4 thoughts on “The Rudeness of Some People”

  1. Hi Maya…I just stumbled on your articles on the web…the more I read the more I became interested…in what you write about…the flavour of your English draws me in…and the way you say things makes me want to know stuff…like were you born speaking English…( it’s definitely not Singaporean or Malaysian English)…
    …I’m just making this comment as I have made plans to visit Hat Yao and Songkhla in 2 weeks time…I’m glad you gave me insights of what I should expect…
    …I’m an ex sabahan from North Borneo…now in kangarooland…and I can usually pick the origin of people when they use the English language…( some are horrible 😁)..yours is so so pleasing…
    ….you keep writing…I will keep reading…..

    Reply
    • Dear Mohammed – Your comment truly came as a pleasant surprise like a monarch butterfly landing ever so gently on a leaf. I am both pleased and a little shy that you found my writing interesting. I do feel I was born speaking English because I’ve always thought in English and always write in English. My Cantonese is passable; but I certainly am not great on all aspects of Cantonese. Thank you for making my day and giving me more motivation to continue blogging. You have certainly piqued my interest – why ex-Sabahan turned Aussie?

      Reply
  2. Hi Krista, I fully agree to what you penned here. Similar experience just hit me recently and I’m glad I read your article today, I’m also not giving that bitchy prima donna a face. While I am a wee bit in luck, that I have not been into any form of biz relationship with that bitchy woman, I must say she is the exact same person u described….the air in her words used for text messages and spoken spelled “You are a failure if you do not kowtow to me” demanding respect from me when she do not even earn any. To a person like this, I am at par with you that I will not give her a chance for any forms of light in business be it referral or others. A person who likes to show off and boast about however many projects she handled when she is not even directly involved in it, whining about how sick she was from attending it while I have also done similar if not bigger and I am still standing.

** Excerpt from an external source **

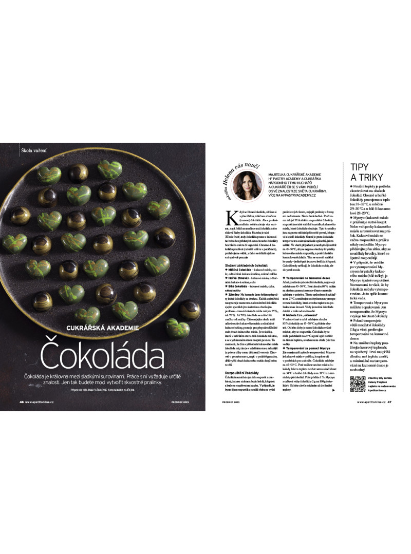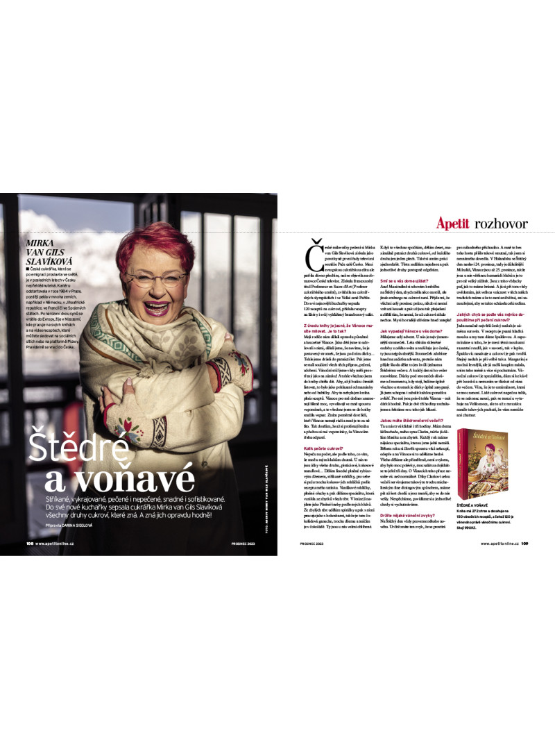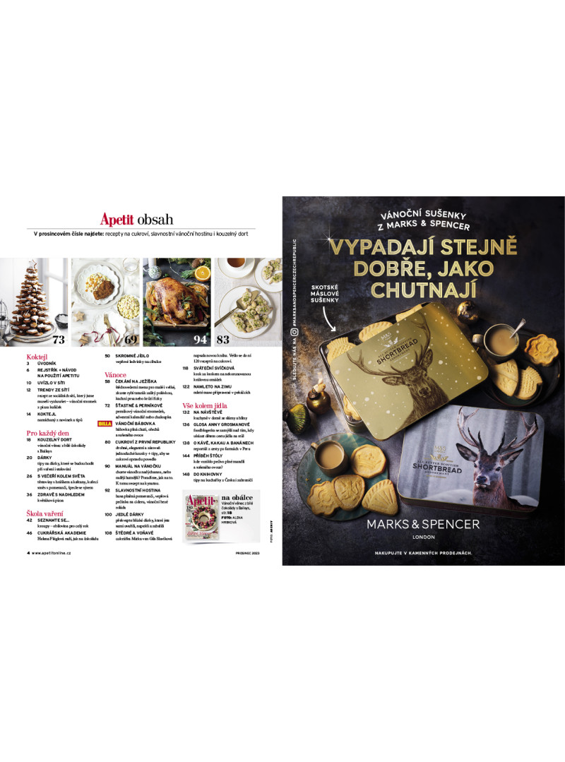 Prosincový Apetit, nejočekávanější vydání roku, vychází už 16. 11. Na jeho stránky jsme sepsali vše, co budete potřebovat k prožití těch nejkouzelnějších Vánoc. Z perníku upečeme stromeček, chaloupku i adventní kalendář. Máme pro vás spoustu tipů na dárky, včetně těch jedlých. Helena Fléglová vás například ve své Cukrářské akademii zasvětí do tajů čokolády a ukáže vám, jak na luxusní pralinky. Péct cukroví budeme hned dvakrát – nejdříve v duchu prvorepublikových tradic a elegance, podruhé pak s Mirkou van Gils Slavíkovou z její kuchařky Štědré a voňavé. Vyhneme se všem potenciálním zádrhelům a díky vánočkovému manuálu na stůl postavíme dokonalou vánočku. Stačí pár triků a štědrovečerní menu připravíme tak, aby chutnalo malým i velkým. Další sváteční dny můžete blízké pozvat na husí, vepřovou či dýňovou pečínku či na luxusní svíčkovou. Tu díky receptu krok za krokem zvládnete i v případě, že jste ji doteď odkládali. Nejen svátečními pokrmy je ovšem člověk v prosinci živ, a proto jsme sepsali i mnoho rychlých lahodných nápadů na obědy a večeře, které vás zasytí a zahřejí.

    Your article reminded me that I am doing the right thing to not let this bitchy woman degrade me and bring my spirits up again for many others who are far more deserving, and for this I thank you for your article.

    To answer your questions, these women are not only insecure, they have bad ethics and they don’t respect the world they are in….they think by competing, sabotaging and belittling is the only weapon to win above all in the business world while people like you and me believe in collaborating and helping each other grow.

    By showing off acting like a queen even when they are also new and a nobody does warrant them one thing…the failure they will want to see in others. Just as I have been taught in my upbringing, never belittle others and God will bless you and reward you abundantly, this is my virtue and my stronghold that I believe in.

    PS: I have since blocked her frm my contact list.

    Reply
    • Steph, I am glad I am not alone in talking about bitchy women. Being kind and gracious is rare and that is what I try my best to be (even on days when I feel like slapping someone LOL but I almost always cool down when I blog about my experience! So in many ways my blog is my sanctuary, my space and I have written about a lot of stuff in my life which I am upset about and then immediately I feel better.) But you know, what I didn’t mention in the article above is that I know this meanie woman at the conference – not very well, thank God – and to hear how she behaved from a trusted friend – wow that just blows my mind. Thank you for leaving your thoughts and comments. It delights me that readers find that shared experiences make us less lonely in our angst 😉 And yes, if we can declutter our wardrobes, we can also declutter and remove useless, toxic “friends”. I have removed and blocked quite a few people too and I instantly feel uplifted!